How STD Complications Affect Babies
Some sexually transmitted diseases have long-term negative effects. These diseases pose serious health issues on the life of a baby whose mother had/has an untreated disease that was contracted sexually. It is every home's wish to raise babies that are healthy and are without deformities.
In almost every case, STDs contribute to neonatal morbidity that leaves parents with everlasting imprints of guilt. The many reasons for being STD-aware go beyond the sphere of immediate consequences on the infected person; part of the vital reasons is to ensure that the consequences do not also affect areas and entities that could bear lifelong results of STD complications.

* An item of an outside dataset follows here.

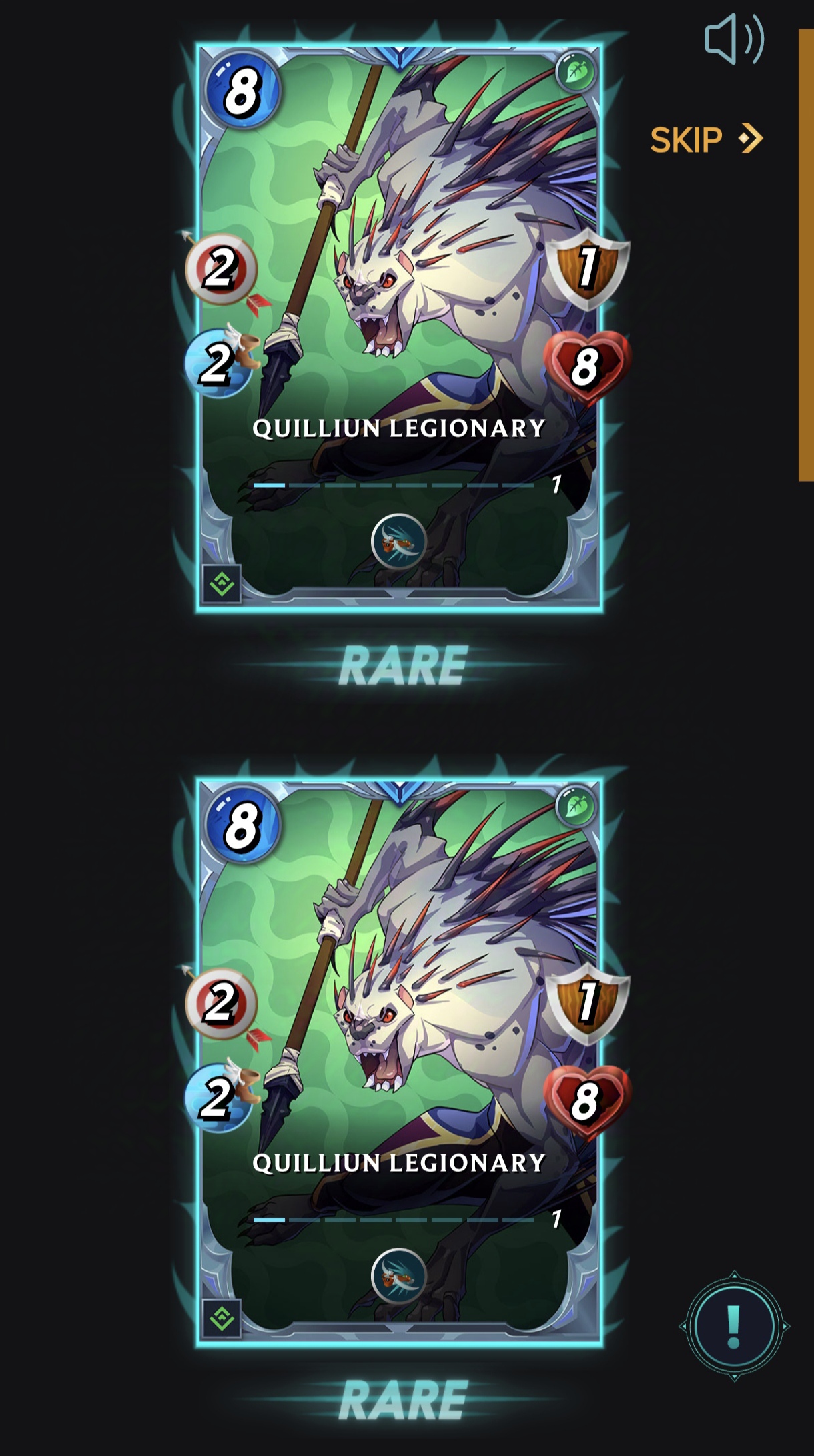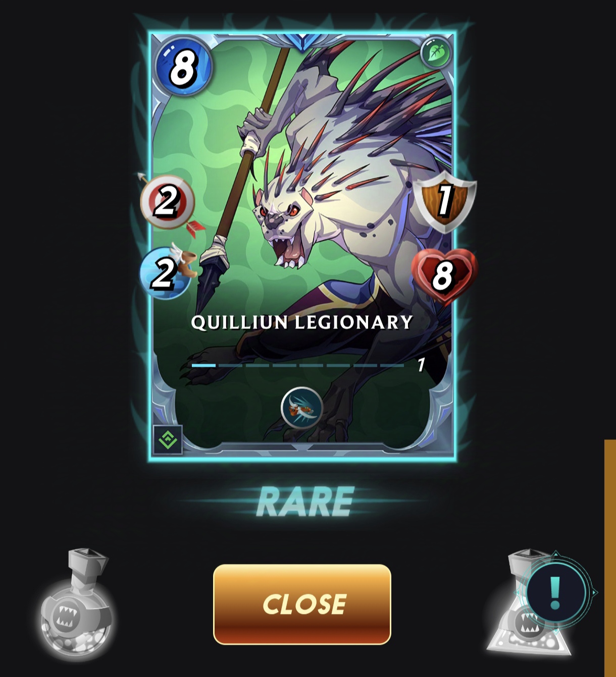 1 : I got threeQUILLIUN LEGIONARY cards in the First two and last draw which is an earth monster with two ranged attack abilities and it costs 8 mana.

The complications arising from the late detection of a dangerous STD, or from leaving it untreated during pregnancy, take their toll on unborn babies. For babies who survive the ordeal, such implications follow them into the world with abnormalities and deformities. Below are some complications of STDs on babies according to the specific STD suffered by their mothers during pregnancy.
Babies and Chlamydia
It is troubling to know that not less than 50% of babies whose mothers had untreated Chlamydia while carrying them in pregnancy suffer from chlamydial conjunctivitis. This kind of conjunctivitis presents with watery discharge from the eyes.
Not only that; Chlamydia trachomatis, which is the organism that causes Chlamydia, can spread to the upper part of the baby’s pharynx to bring about pneumonia, a respiratory tract infection. Sometimes, an infected baby could be suffering from both chlamydial conjunctivitis and pneumonia.
Babies can get infected with Chlamydia when they are being given birth to, as they pass through their mothers’ birth canal (the vagina). This is so because the fluids present in the vagina are already carrying large doses of the Chlamydia trachomatis which the babies become exposed to during birth.
Babies and Gonorrhea
Babies infected with Gonorrhea suffer from gonococcal ophthalmic neonatorum, a form of eye infection that can progress to blindness in infected babies. Neisseria gonorrhea, the bacterium that causes Gonorrhea, makes its way to a baby’s eyes, most often as the baby is being birthed; it then attaches itself to the cells of the conjunctiva of the eyes.
From there, the bacterium can penetrate into the cells of the conjunctiva to multiply and cause the conjunctiva to become swollen as the baby’s immunity combats with the bacterium.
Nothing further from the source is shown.